I am not sure what could be the error as it doesnt print the troublesome filename.

I tried running sox --i on some samples and it gave following output.

Channels : 1
Sample Rate : 16000
Precision : 16-bit
Duration : 00:00:08.08 = 129280 samples ~ 606 CDDA sectors
File Size : 259k
Bit Rate : 256k
Sample Encoding: 16-bit Signed Integer PCM

The file size in CSV is same as what we get with ls -l.
Hence its difficult to understand the reason behind EOFError.
Can you please help me to decode this issue?

Thanks in advance.

lissyx · September 3, 2020, 3:51pm

care to share its content? asking for support and not sharing informations to understand the problem is kind of not going to be effective

maybe it is the csv that you have not properly written?

Tejas_Shah · September 3, 2020, 4:30pm

The zip of datasets at https://drive.google.com/file/d/1y8EFkCa8luIf9G_8oOKLHp_vC1CWaPu7/view?usp=sharing
I saw that some wav files are with zero filesize. May be that is causing the issue?

lissyx · September 3, 2020, 4:35pm

Can you just share it as plain text here ?

lissyx · September 3, 2020, 4:36pm

Have you verified the format of your CSV file ?

Tejas_Shah · September 3, 2020, 6:19pm

I removed all the samples with zero size / smaller than 50KB files. Now, I am getting a new error…
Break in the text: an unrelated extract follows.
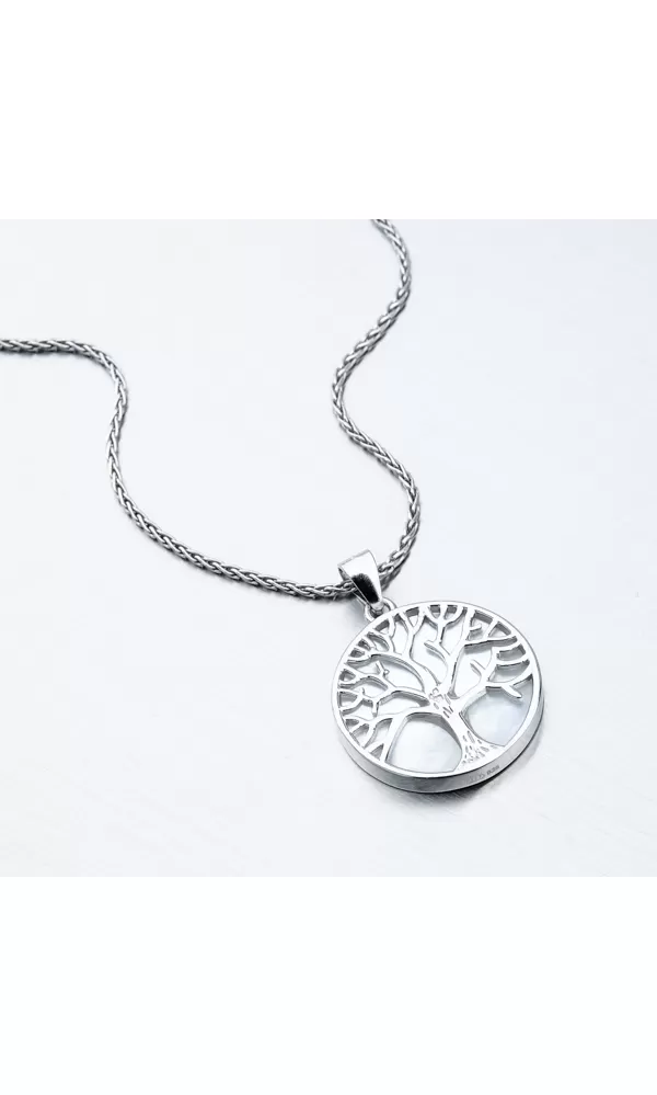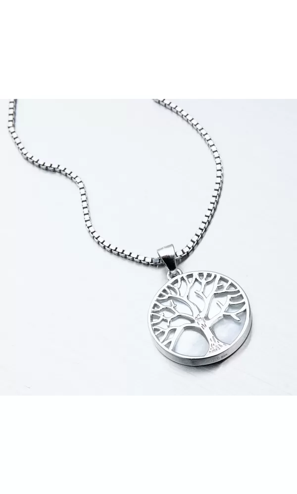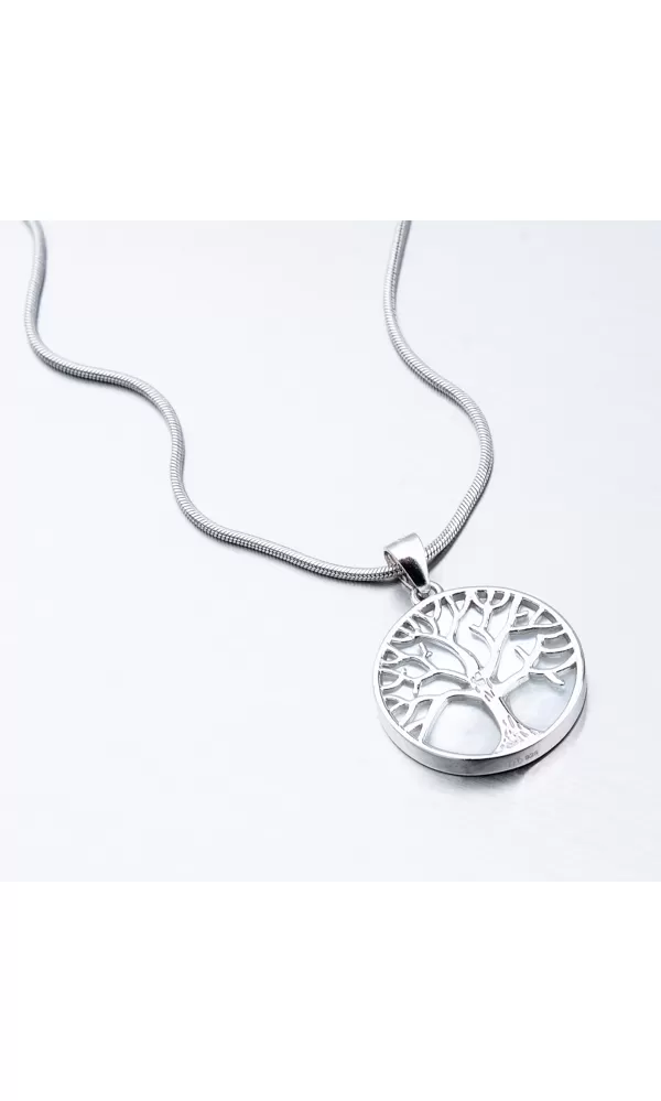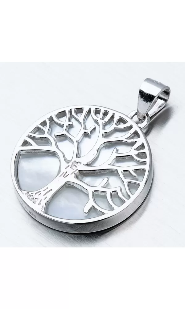 Prekrásny šperk, ktorý musíte mať. Prívesok je okrúhleho tvaru vyplnený perleťou, ktorá slúži ako podklad pre úchvatný strom života ktorý tak milujete. Strom je v hladkej povrchovej úprave, elegantne spracovaný.

Traceback (most recent call last):
File “DeepSpeech.py”, line 12, in
ds_train.run_script()
File “/home/ubuntu/deepspeech/DeepSpeech/training/deepspeech_training/train.py”, line 970, in run_script
absl.app.run(main)
File “/home/ubuntu/.local/lib/python3.6/site-packages/absl/app.py”, line 299, in run
_run_main(main, args)
File “/home/ubuntu/.local/lib/python3.6/site-packages/absl/app.py”, line 250, in _run_main
sys.exit(main(argv))
File “/home/ubuntu/deepspeech/DeepSpeech/training/deepspeech_training/train.py”, line 942, in main
train()
File “/home/ubuntu/deepspeech/DeepSpeech/training/deepspeech_training/train.py”, line 610, in train
train_loss, _ = run_set(‘train’, epoch, train_init_op)
File “/home/ubuntu/deepspeech/DeepSpeech/training/deepspeech_training/train.py”, line 578, in run_set
exception_box.raise_if_set()
File “/home/ubuntu/deepspeech/DeepSpeech/training/deepspeech_training/util/helpers.py”, line 123, in raise_if_set
raise exception # pylint: disable = raising-bad-type
File “/home/ubuntu/deepspeech/DeepSpeech/training/deepspeech_training/util/helpers.py”, line 131, in do_iterate
yield from iterable()
File “/home/ubuntu/deepspeech/DeepSpeech/training/deepspeech_training/util/feeding.py”, line 114, in generate_values
for sample_index, sample in enumerate(samples):
File “/home/ubuntu/deepspeech/DeepSpeech/training/deepspeech_training/util/augmentations.py”, line 221, in apply_sample_augmentations
yield from pool.imap(_augment_sample, timed_samples())
File “/home/ubuntu/deepspeech/DeepSpeech/training/deepspeech_training/util/helpers.py”, line 102, in imap
for obj in self.pool.imap(fun, self._limit(it)):
File “/home/ubuntu/anaconda3/envs/tensorflow2_p36/lib/python3.6/multiprocessing/pool.py”, line 735, in next
raise value
wave.Error: file does not start with RIFF id
Even the debug logging is not helping in finding out the culprit file.
There are 700K samples. Is there a way to test for invalid samples from deepspeech perspective?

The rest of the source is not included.